12160176164864242114256.12160542264721648642384252422161764138.:671147122672422141762384176024472172242.70144120847250248625624181216050176226151764556^_86525425417240521782562701761365566714482241301712221071342522423801712160216224-245058156271507132176222612160122401345647216480556126214425252220242486742417^_6^_7^_27132864721722424136212262417458421417482172725^_4^_122210144120847272742507130713262122024212160.18.1765862167652524656240228254246472671547425680130713205562405254241227250725613017026220136256270.21471242413017621027617486472124854254.22242120130713255613623805252212132138116254827017148258242240252428455024218.25825256174172524614240136.2384725723801388556120242527274621471216024641301442450176685256256422024212160134872487417252422121326212222425484212172521222101648647222242842527017220241327270172384170727024413614.02407256470171467021470172121322202422202423805250.2121725041725240244156276727216224240841328055024213624013672782170240122212262402145072716486472220244171622446172121322402224050725455024241817017224701205562541216041717015847222265624021025655024241745848217272541216012240130821202425215088412025424011017417224512854542207132727562128042202422240162134172241227501586242405222713071322162384713216480550242134254174224242174.1841202545560247212227525240252561365425651442404171216072716486472212132121601224013450000

01441208472
01441208472
121601224013
121601224013
12160122401345
22024212160
22024212160
1648647222
1648647222
8055024213
8055024213
0727164864722
0727164864722
121601224*13
121601224*13

(before debugging substr($cipher,$j,$LEN-1,"*") into substr($cipher,$j+$LEN-1,1,"*"), the result was as follows)

01441208472
01441208472
121601224013
121601224013
12160122401345
22024212160
22024212160
1648647222
1648647222
8055024213
8055024213

Limitations

•The first "121601224013" should be "12160122401345", but it is printed only up to the length of the second matching "121601224013".
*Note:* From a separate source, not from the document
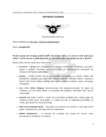 Trzynasty Schron - Postapokalipsa i Fallout - czasopismo internetowe (ISSN 1899 - 6396) TRZYNASTY SCHRON http://trzynasty-schron.net Praca nadesłana na 'W mrok' - konkurs zapalniczkowy. Autor: szczypiorofix Wybór sprzętu do swojego zestawu EDC (every-day carry). Co zawsze warto mieć przy sobie? A może nie ma w ogóle potrzeby ze sobą nosić, gdy całą wiedzę ma się w głowie? Sprzęt, który zawsze warto przy sobie nosić: • Scyzoryk - najlepiej tzw. Macgyver (Victorinox), czyli nożyk, śrubokręty, nożyczki i pęseta w jednym. Przydatny na co dzień jak i w ekstremalnych sytuacjach np. mniejsza lub większa apokalipsa. • latarka – źródło światła zawsze się przydaje, szczególnie po zmroku. Żadne tam karbidówki, najlepsza jest najnowsza zdobycz techniki – światło ledowe. Zapasowa baterie (lub dwie) będzie dodatkowym atutem jednak zwiększa ciężar noszonego ekwipunku. • mała rolka taśmy klejącej (przezroczystej lub nieprzezroczystej), bo nigdy nie wiadomo, czy nie trzeba będzie coś przykleić lub podkleić. Niewielka ilość zawsze się przydaje. • sznurek (tak około 1 metra) – cienki, ale wytrzymały, podobnie jak z taśmą nigdy nie wiadomo, kiedy może się przydać, a z reguły jest tak, że najbardziej przydałby się wtedy, gdy akurat nie ma go pod ręką. • mały zwój cienkiego drutu – tam gdzie nie sprawdza się sznurek, z racji tego iż jest giętki i nieelastyczny, drut sprawdza się znakomicie. • telefon komórkowy – co prawda nie wszędzie jest zasięg ale zawsze warto pozostawać w kontakcie ze światem. 1 Trzynasty Schron - Postapokalipsa i Fallout - czasopismo internetowe (ISSN 1899 - 6396) • guma balonowa – odświeża oddech i poprzez permanentne żucie pozwala trochę się od stresować, a po wymiętoleniu świetnie nadaje się do zalepiania wszelkich nieszczelności. • długopis (lub ołówek) i mała kartka papieru – np. gdy trzeba coś zapisać lub zostawić komuś wiadomość. • mały batonik czekoladowy – gdy nagle najdzie nas ochota na coś słodkiego, poza tym źródło energii. • 0,5 l wody mineralnej – woda jest absolutnie konieczna, niezbędna do życia i funkcjonowania organizmu. Pić trzeba codziennie, nie tylko w czasach kryzysu • absolutnie ważnym przedmiotem należącym do zestawu Every-Day-Carry jest źródło ognia – zapalniczka. Zapałki – też dobre jednak zmoczone są zupełnie nieprzydatne. Jeszcze lepiej, jeśli jest ona opatrzona czaderskim logiem np. Metro 2033 i wcale nie musi to być „moja szczęśliwa Zippo” z „4 pokoje” Tarantino. Wystarczy, żeby dawała ogień wtedy, gdy jest on potrzebny, np. do przypalenia fajka (mimo, iż sam nie palę nigdy nie wiadomo, czy nie nadarzy się okazja aby służyć ogniem komuś innemu). • cały ten sprzęt potrzebuje ośrodka, który będzie w stanie go należycie wykorzystać, czyli głowy. To głowa, a w zasadzie mózg, będzie analizował odbierane bodźce i decydował, co zrobić z nimi dalej. Bez niej przedstawiciel gatunku Homo sapiens za pomocą powyższych przedmiotów mógłby zrobić sobie, co najwyżej krzywdę: pociąć się, oślepnąć, powiesić się, skleić sobie to i owo a na końcu podpalić. Głowa służy także do gromadzenia wiedzy, zapamiętywania różnych przydatnych rzeczy. • Sama głowa to jednak nie wszystko, potrzeba czegoś, do czego powinna być ona przytwierdzona nie bezpośrednio do dupy tyłka, ale do tułowia, wyposażonego w sprawne ręce i nogi. Pomagają one głowie raczej tylko pod względem „technicznym” i umożliwiają jej transport z miejsca na miejsce, służą także w trakcie wykorzystywania ww. przedmiotów Every-Day-Carry. Wymieniony sprzęt, który można nosić ze sobą na co dzień nie zajmuje dużo miejsca, niewiele waży i z łatwością zmieści się standardowym „lunch boksie” wyprodukowanym przez Vault-Tec Industries. Jeśli ktoś chce być hardkorem – nie ma problemu, nie trzeba nosić przy sobie nic z wymienionych przeze mnie przedmiotów, wystarczy improwizacja. ksywa z forum: szczypiorofix Pisownia mniej więcej zgodna z oryginałem ;-) - redakcja. 2

•More importantly, it doesn't seem to work properly when "121601224013" "12160122401345" "12160122401345" occur in this order (i.e., the second and third occurrences are longer than the first instance). I haven't debugged on this issue. (The cause may be related to the line "substr($cipher,$j,$LEN-1,"*")", but commenting out the line didn't fix it.)

•I'm not sure whether I treated boundary conditions properly. (I haven't checked if it works properly when two different recurring patterns follow one another without a break.)

•Redundant entries may be included in the output. The line "substr($cipher,$j,$LEN-1,"*")" is intended to prevent it by corrupting the last character, but it may not work when there are two matching patterns both with the corrupted character.

•It is slow for a longer ciphertext. The above result can be obtained in an instant (the input is about 1400 bytes). But when I tried with a ciphertext of about 14000 bytes long, it took about twenty seconds. I know this is an O(N²) algorithm, in which processing time increases with N² (N is the length of CIPHERTEXT), but I'm not sure there is not some bug causing the sluggishness.

Despite all these limitations, I hope this simple script helps codebreaking of ciphertext with many repeating patterns.